> [ASSIGNMENT]: Reproduce exactly the lines below, from the first one through the line containing "Teuvo Teräväinen avasi", and omit any pictures.

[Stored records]
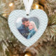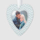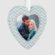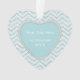Votre propre photo est présentée dans un cadre en forme de coeur sur ce joli ornement de Noël de gardien. Le cadre est placé sur un arrière - plan motif bleu aqua glacé chevron. Le dos de l'ornement a le même arrière - plan et le même cadre, avec votre texte personnalisé en blanc sur un arrière - plan solide correspondant. Lumineux, élégant et personnalisé pour vous ! *Remarque : l'image est imprimée et ne contient aucune parties scintillant réelle.
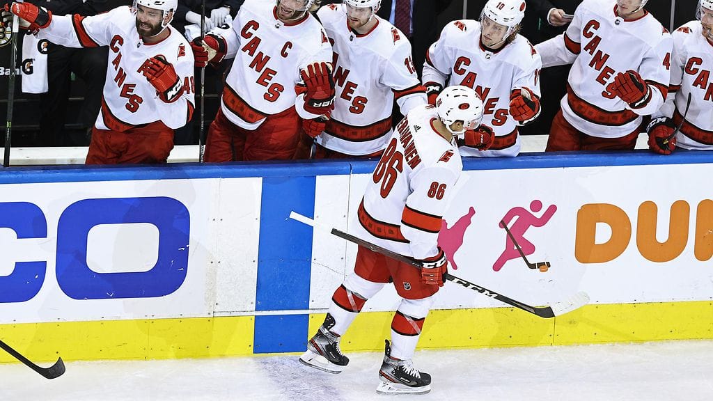 Teuvo Teräväinen avasi joukkueensa maalihanat, kun Carolina Hurricanes kaatoi Boston Bruinsin NHL:n pudotuspelien ensimmäisellä varsinaisella kierroksella. Carolina tasoitti samalla voitot 1-1:een.
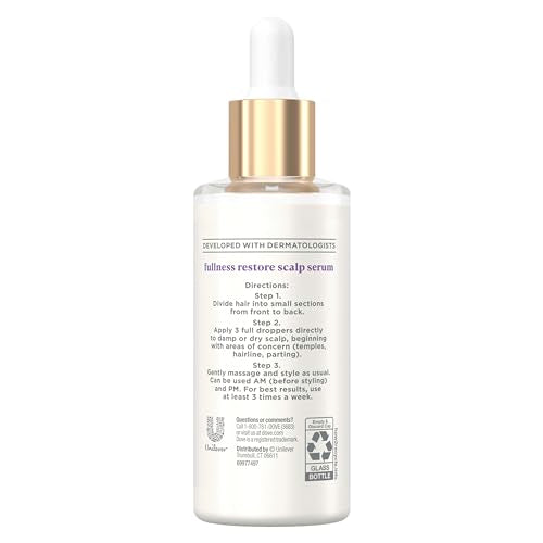 Details: Embark on a revitalizing journey with Dove Fullness Restore Scalp Serum for Scalp + Hair Therapy, featuring an advanced 0% sulfates formula enriched with scalp-nourishing Vitamin B3 and Zinc. Beyond being a mere serum, it stands as a versatile solution with a special and refreshing formula, delivering a lightweight, voluminous look suitable for all hair types. In an insightful 90-day independent clinical trial involving 74 women, an impressive 89% witnessed the transformative effects of visibly thicker, stronger, and fuller hair, underscoring the remarkable efficacy of Dove's formulation. At the heart of Dove's Scalp + Hair Therapy Density Boost regimen, this scalp serum actively nurtures roots and fortifies fibers, ensuring enduring hair strength and density. Formulated with dermatologists and drawing from over 60 years of skincare expertise, Dove's Fullness Restore Scalp Serum is a testament to a thoughtful formulation that goes beyond conventional hair care. Explore the comprehensive list of Dove products within the Density Boost regime for an elevated beauty experience. Dove's commitment to Real Beauty extends beyond product efficacy; it is a commitment to ethical practices. Upholding cruelty-free standards globally, Dove proudly carries the PETA-Approved Vegan certification. Choose Dove for a beauty regimen that not only enhances your hair's fullness but also aligns with ethical and cruelty-free values, embodying the essence of Real Beauty in every strand. With Dove, your hair care becomes a celebration of strength, fullness, and conscious beauty, as you embrace the transformative power of Real Beauty in every aspect of your life. Experience the profound impact of Dove's thoughtful and effective approach to beauty, where every strand tells a story of strength, nourishment, and conscious choices.
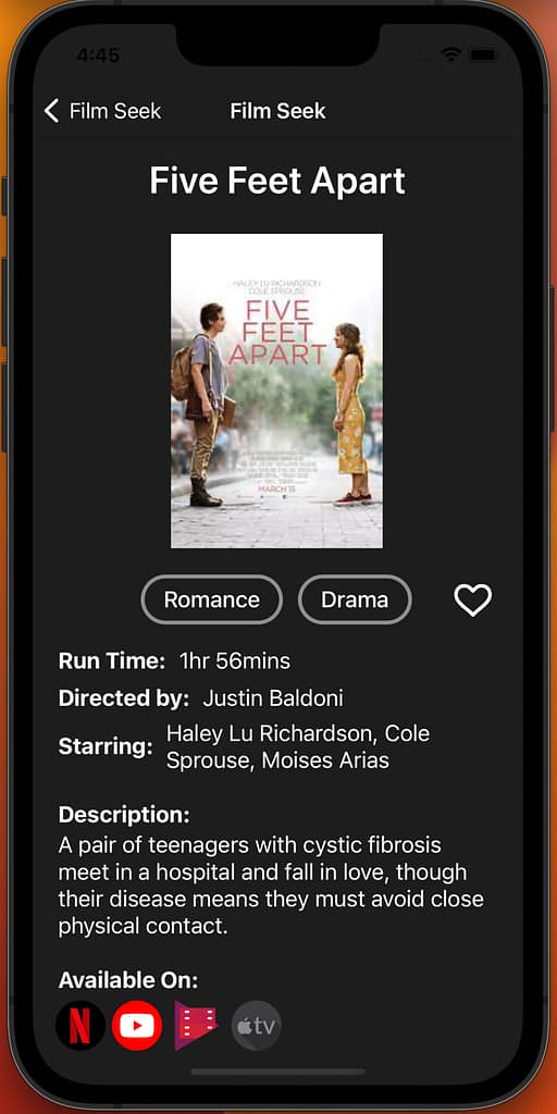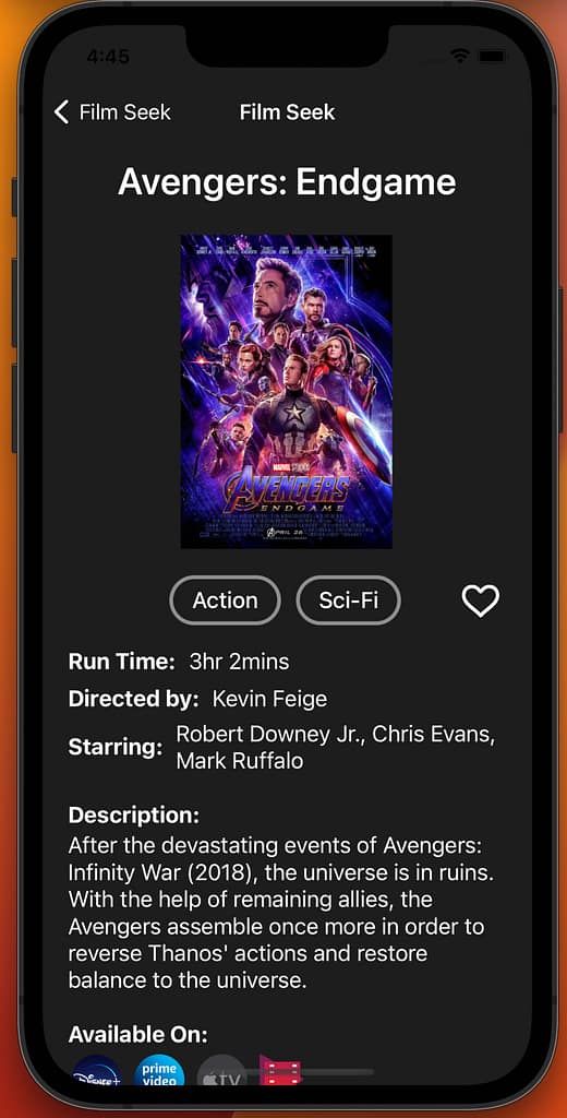 Each movie has its own information page. It includes the title, poster, genre, heart button for the movie to be saved, run time, director, main actors, description, and what platforms it’s available on.
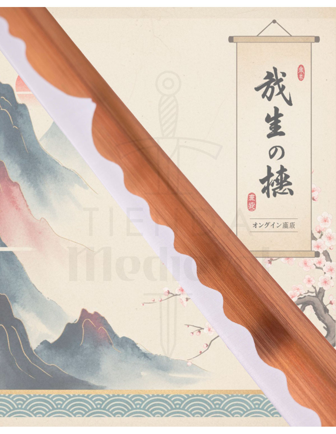 Imagine uma peça que combina a estética tradicional japonesa com o desempenho real, pronta para exibir com orgulho e funcionar com eficácia quando necessário. Esta katana apresenta uma lâmina curva com um padrão ondulado distinto ao longo da aresta, transmitindo tanto beleza quanto uma sensação de corte controlado e afiado.
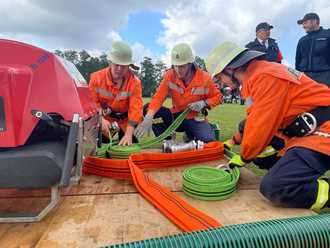 Beim Löschangriff (nass) kommt es ebenso auf Schnelligkeit an. Möglichst zügig müssen Saug- und Druckschläuche gekuppelt werden und Wasser mit der Hilfe einer Tragkraftspritze aus einem Behälter an die Strahlrohre befördert werden, um eine Zieleinrichtung mit Wasser zu füllen. In dieser, hart umkämpften, Konkurrenz trat neben der Feuerwehr Boek-Gorlosen eine weitere Gruppe der Feuerwehr Grabow an. Die Grabower landeten auf dem 20. und das Team aus Boek-Gorlosen auf dem 12. Rang.
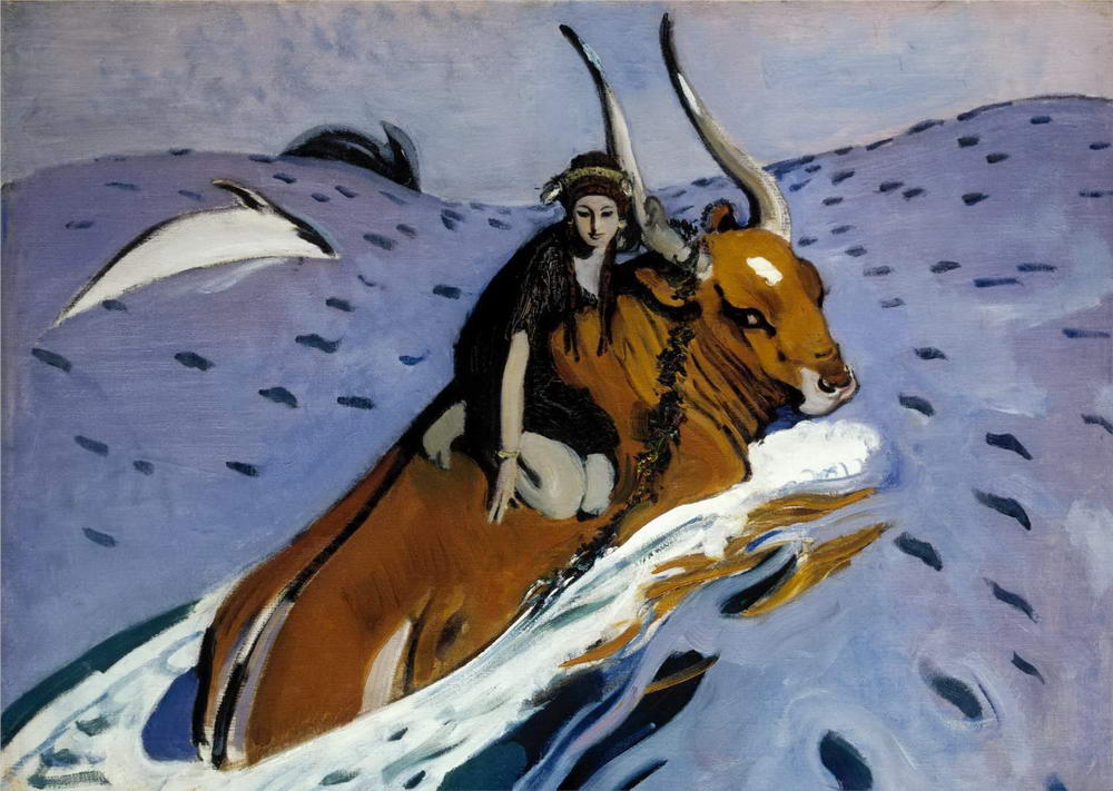 Похищение Европы Серова - не столько изображение мифа, сколько его отблеск, эмблема всего мира греческого искусства с его «высокой декоративностью, граничащей с пафосом», как говорил Серов в одном из писем. Часто присутствующий в работах художника момент игры с художественными воспоминаниями явлен и здесь: ритмично ныряющие дельфины напоминают, например, фрагмент росписи килика Диониса, выполненного греческим мастером VI века до н. э. Экзекием, да и бык напоминает изображения быков на древнегреческих сосудах (быть может, отчасти поэтому Серов первый из художников, изображавших миф о похищении Европы, отступил от первоисточника, рассказывающего о белом быке с золотыми рогами - коричневый бык напоминает о росписях краснофигурных ваз). Неожиданно живой и осмысленный взгляд быка- Зевса подчеркивает застылость неподвижного лица-лика Европы - маски архаической коры, своего рода символа всего греческого искусства. Одно из значений имени «Европа» - «широкоглазая», что удивительно созвучно тому изображению лица Европы, которое дает Серов.

> [TASK OUTPUT]:
Votre propre photo est présentée dans un cadre en forme de coeur sur ce joli ornement de Noël de gardien. Le cadre est placé sur un arrière - plan motif bleu aqua glacé chevron. Le dos de l'ornement a le même arrière - plan et le même cadre, avec votre texte personnalisé en blanc sur un arrière - plan solide correspondant. Lumineux, élégant et personnalisé pour vous ! *Remarque : l'image est imprimée et ne contient aucune parties scintillant réelle.
 Teuvo Teräväinen avasi joukkueensa maalihanat, kun Carolina Hurricanes kaatoi Boston Bruinsin NHL:n pudotuspelien ensimmäisellä varsinaisella kierroksella. Carolina tasoitti samalla voitot 1-1:een.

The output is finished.